Reproduce every line of the material below exactly. No pictures belong in the copy.

■ Source material:
== Segment start ==

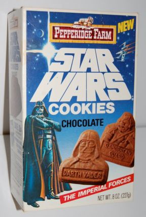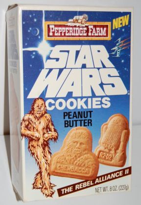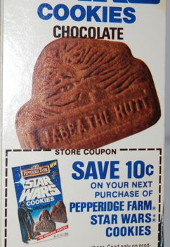 I’ve already talked about my set of Pepperidge Farm plastic tumblers, which were given out with purchase of these cookies. But here are the boxes themselves. These are for the Chocolate and Peanut Butter flavors, but there was also a Vanilla flavor that I don’t have. The chocolate cookies (aka “The Dark Side”) were the bad guys, which they called the “imperial forces” even though Jabba and his minions were not related to the empire. And they have characters like Max Rebo lumped in with the “rebel alliance.” Honestly, if we can’t expect accuracy from our cookies, where can we expect it? šŸ˜€
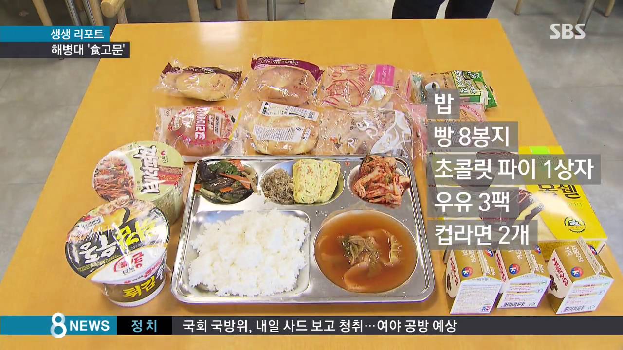 아래 사진의 음식을 한번에 다 먹지 못하면 선임이 산 음식을 먹지 못한다는 이유로 마구 때리는게 한국 해병대의 유구한 전통입니다. 구타를 당하다 보면 저기의 음식을 다 먹을 수 있게 된다고 합니다.
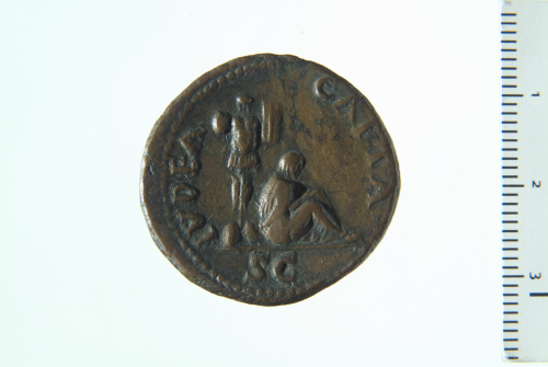 Testa laureata di Vespasiano d.; contorno perlinato.
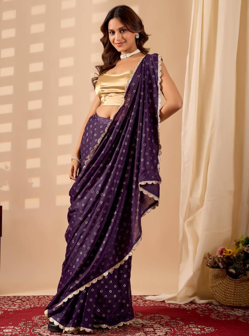 | • | Saree | : | Color- Purple / Fabric- Georgette |
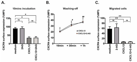CXCR4 surface expression in JeKo-1 cells (A) after 10 min incubation with 2-AG (100 nM), CXCL12 (200 ng/mL) or the combination of 2-AG and CXCL12 and (B) after washing off cells, then re-incubation for 30 min and 1 h with medium alone, shown as percentage of MFI normalized to non-treated cells. Paired t-test, ns: non-significant, * p < 0.05, Unpaired t-test, # p < 0.05 between 10 min and +30 min, ## p < 0.01 between 10 min and +1 h. (C) CXCR4 surface expression JeKo-1 cells after being subjected to 4 h chemotaxis towards the same conditions, shown as percentage of MFI normalized to non-migrated cells; Paired t-test, ns: non-significant, * p < 0.05, ** p < 0.01.
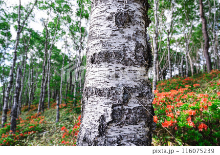 レンゲツツジ咲く神秘的な白樺林
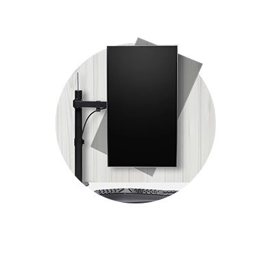 Brațul oferă rotire la 90°, înclinare la 45° și o gamă completă de mișcare de până la 399 mm pentru setarea optimă a ecranului.

== Segment end ==

■ Problem solution:
 I’ve already talked about my set of Pepperidge Farm plastic tumblers, which were given out with purchase of these cookies. But here are the boxes themselves. These are for the Chocolate and Peanut Butter flavors, but there was also a Vanilla flavor that I don’t have. The chocolate cookies (aka “The Dark Side”) were the bad guys, which they called the “imperial forces” even though Jabba and his minions were not related to the empire. And they have characters like Max Rebo lumped in with the “rebel alliance.” Honestly, if we can’t expect accuracy from our cookies, where can we expect it? šŸ˜€
 아래 사진의 음식을 한번에 다 먹지 못하면 선임이 산 음식을 먹지 못한다는 이유로 마구 때리는게 한국 해병대의 유구한 전통입니다. 구타를 당하다 보면 저기의 음식을 다 먹을 수 있게 된다고 합니다.
 Testa laureata di Vespasiano d.; contorno perlinato.
 | • | Saree | : | Color- Purple / Fabric- Georgette |
CXCR4 surface expression in JeKo-1 cells (A) after 10 min incubation with 2-AG (100 nM), CXCL12 (200 ng/mL) or the combination of 2-AG and CXCL12 and (B) after washing off cells, then re-incubation for 30 min and 1 h with medium alone, shown as percentage of MFI normalized to non-treated cells. Paired t-test, ns: non-significant, * p < 0.05, Unpaired t-test, # p < 0.05 between 10 min and +30 min, ## p < 0.01 between 10 min and +1 h. (C) CXCR4 surface expression JeKo-1 cells after being subjected to 4 h chemotaxis towards the same conditions, shown as percentage of MFI normalized to non-migrated cells; Paired t-test, ns: non-significant, * p < 0.05, ** p < 0.01.
 レンゲツツジ咲く神秘的な白樺林
 Brațul oferă rotire la 90°, înclinare la 45° și o gamă completă de mișcare de până la 399 mm pentru setarea optimă a ecranului.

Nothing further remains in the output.